After several previous projects in the 1920s by the federal government and the city of Lucerne, the Municipal Assembly of Emmen decided in 1938 to make a contribution of CHF 200,000 for the construction of the airfield. After the construction of the airfield, the first landing took place on 7 July 1939. In 1940, a 600 m hard surface and a 600 m cross runway was created. This was extended in 1942 to a concrete runway at 700 m, in 1946 to 1100 m, and in 1957 to 2500 m.

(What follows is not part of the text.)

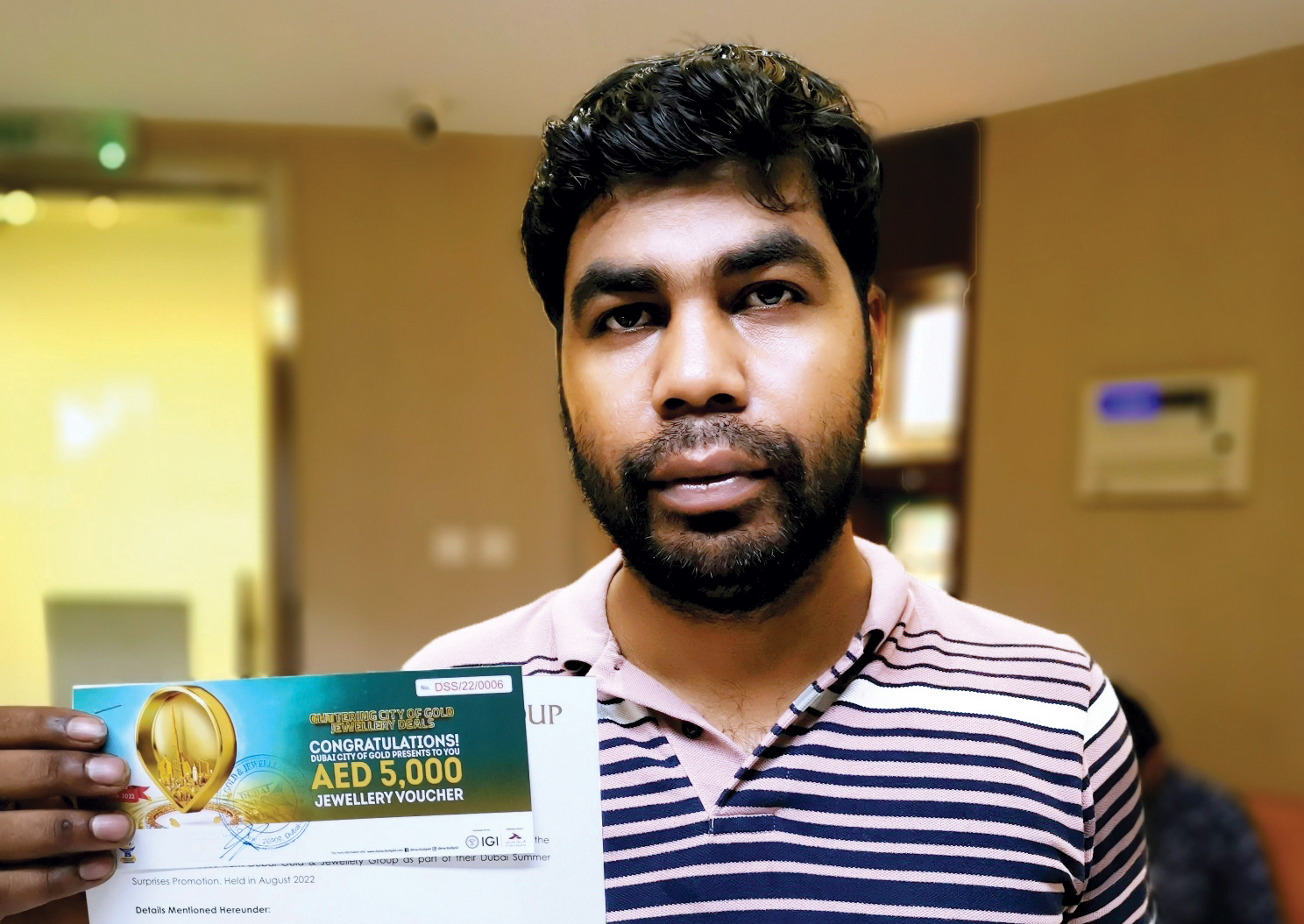 وكان جهانجير من بين الفائزين بإحدى هذه الجوائز لهذا العام، حيث علّق قائلاً: «أنا مقيم في دولة الإمارات منذ 12 عاماً ولم أشارك في أي نوع من السحوبات من قبل، وكانت هذه أولى تجاربي، وإنني الآن في غاية السعادة لحصولي على قسيمة تسوق بقيمة 5000 درهم، حيث إنني سأستخدمها لشراء بعض المصوغات الذهبية لوالدتي في بنغلاديش».

The first jet fighter was built by F+W Emmen (today RUAG Aerospace) and took off from Militärflugplatz Emmen; the N-20.2 Arbalète is today exhibited in the Swiss Museum of Transport. After the project EFW N-20 was canceled, the in Emmen built N-20:10 Aiguillon prototype was denied to make a first flight; perform only a few taxi on the runway of Emmen were made. The N 20:10 Aiguillon is today exhibited in the Flieger-Flab-Museum.
All types of aircraft of the Swiss Air Force have been at Militärflugplatz Emmen since its existence. de Havilland Vampire, de Havilland Venom, Aérospatiale Alouette II, Aérospatiale Alouette III, Hawker Hunter, Dassault Mirage IIIS, Dassault MirageIIIRS.

==Today==
The airfield of Emmen is used primarily by the military and is operated by the Swiss Air Force as a training and alternate airfield for jet and propeller aircraft as well as the ADS95 RUAG Ranger UAV. This means that no jet aircraft squadron is stationed in Emmen, but the airfield is still used as a training and alternate air base. The air base is, at both ends of the runway, equipped with retractable arresting gear devices (used by the F/A-18C Hornet and in case of a problem by the F-5E Tiger). Next to the aerodrome serves the following military uses:
- Location of the aerobatic team Patrouille Suisse
- Flight training for Swiss Air Force fighter pilots with the Pilatus PC-21
- Location of transport squadrons and also with charterflights for the Kosovo Force (KFOR) troops of Swisscoy
- Training and courses with reconnaissance drones
- Training center for simulators with Eurocopter AS332 Super Puma, Eurocopter EC 635 and Pilatus PC-21. Factory flights RUAG Aviation on behalf of the Swiss Air Force
- Test and trial flights Armasuisse

In addition to the military use of the airfield, limited civil use is possible on a small scale. The RUAG Aviation manages a total quota of 1,000 flight movements per year for civilian use. RUAG itself use Emmen for test flights and for the transport of rocket payload fairings with rented Antonov An-124 transport aircraft.
It is the home base of the three Armasuisse aircraft: the Pilatus PC-12 HB-FOG, Pilatus PC-6 HB-FCF and the Diamond DA42 R-711.
In the summer flight break find exceptionally organized by the private sector, civil major events take place.
Air traffic control is performed by the military branch of Skyguide Skyguide National.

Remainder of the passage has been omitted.